What happens to the Edmundson summarizer when we adjust the cue words? To perform this experiment, we will first read through the text sample and find words that seem to positively correlate to what we think the topic sentences are, then do the same thing for negative, or stigma, words and null words. We can adjust the code as follows:
print("====== Edmonson ======")
summarizerEd = EdmundsonSummarizer(stemmer)
summarizerEd.bonus_words = ('focus', 'proposed', 'method', 'describes')
summarizerEd.stigma_words = ('example')
summarizerEd.null_words = ('literature', 'however')
for sentenceEd in summarizerEd(parser.document, SENTENCES_COUNT):
print(sentenceEd, "
")The results are shown here.

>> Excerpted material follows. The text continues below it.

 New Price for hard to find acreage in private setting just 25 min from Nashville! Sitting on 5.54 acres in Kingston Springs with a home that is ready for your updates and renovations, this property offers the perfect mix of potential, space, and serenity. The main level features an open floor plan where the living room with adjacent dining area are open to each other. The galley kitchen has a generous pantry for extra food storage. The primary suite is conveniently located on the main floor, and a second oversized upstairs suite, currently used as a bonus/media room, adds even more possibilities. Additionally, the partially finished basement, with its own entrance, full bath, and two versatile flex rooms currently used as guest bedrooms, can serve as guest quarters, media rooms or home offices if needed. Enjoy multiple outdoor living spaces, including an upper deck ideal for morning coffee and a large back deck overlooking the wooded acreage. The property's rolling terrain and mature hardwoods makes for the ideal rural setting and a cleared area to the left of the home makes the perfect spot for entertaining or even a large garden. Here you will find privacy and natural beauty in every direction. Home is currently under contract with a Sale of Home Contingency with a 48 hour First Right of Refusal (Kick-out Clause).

Items J and K are still in the output, just like before, but now the results show item I (also found by LSA) and item G (also found by TextRank):
J. In the academic literature, text summarization is often proposed as a solution to information overload, and we in the 21st century like to think that we are uniquely positioned in history in having to deal with this problem. I. However, since the goal is to create a summary, abstractive methods must also reduce the length of the text while focusing on only retaining the most important concepts in it. G. In this chapter we will focus on summarization techniques for text documents, but researchers are also working on summarization algorithms designed for video, images, sound, and more. K. In the next section we will review some of the currently available text summarization libraries and applications.

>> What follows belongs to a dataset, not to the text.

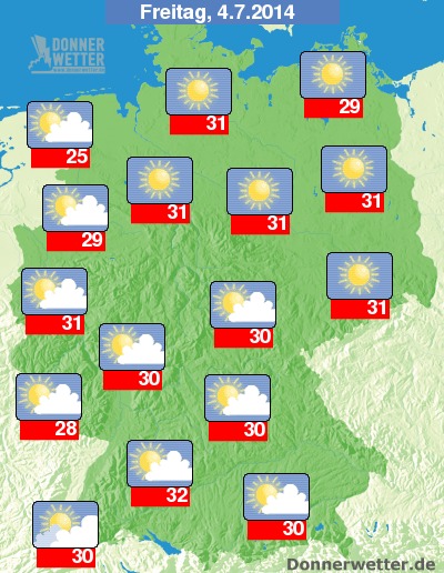 Heute können sich die meisten von uns wiederum auf einen tollen Sommertag freuen. Dabei startet der Freitag praktisch überall noch meist mit viel Sonnenschein. Von Südwesten nimmt der Wolkenanteil jedoch stetig etwas zu, und zum Nachmittag und Abend besteht nach Südwesten hin ein leichtes bis mäßiges Schauer- und Gewitterrisiko. Dagegen bleibt es in der Osthälfte des Landes bei weiterhin häufigem Sonnenschein weitgehend trocken. Die Höchstwerte erreichen 25 Grad in Emden und rund 32 Grad im Rhein-Main-Gebiet.

The Edmundson technique is obviously very configurable, which could be a good thing if we had a list of cue words we felt confident about. However, if we are not really sure what to use as cue words, that same flexibility and configurability becomes a weakness.
Scanning across the four implementations, the sentences that were chosen the most are B, D, F, I, and G. Each of these sentences was chosen at least twice. We can manually organize these sentences into a single paragraph, and we get the following summary:
Luhn's 1958 paper "The automatic creation of literature abstracts," describes a text summarization method that will "save a prospective reader time and effort in finding useful information in a given article or report" and that the problem of finding information "is being aggravated by the ever-increasing output of technical literature." In an extractive summarization method, the summary is comprised of words, phrases, or sentences that are drawn directly from the original text. As long as the amount of text that is extracted is a subset of the original text, this type of summarization achieves the goal of compressing the original text into a shorter size. However, since the goal is to create a summary, abstractive methods must also reduce the length of the text while focusing on only retaining the most important concepts in it. In this chapter we will focus on summarization techniques for text documents, but researchers are also working on summarization algorithms designed for video, images, sound, and more.
This summary is a bit awkward in its style, but it does convey some of the main points of the introduction to this chapter. It is all the more impressive when we consider that it was automatically generated, based on very little domain knowledge or human intervention.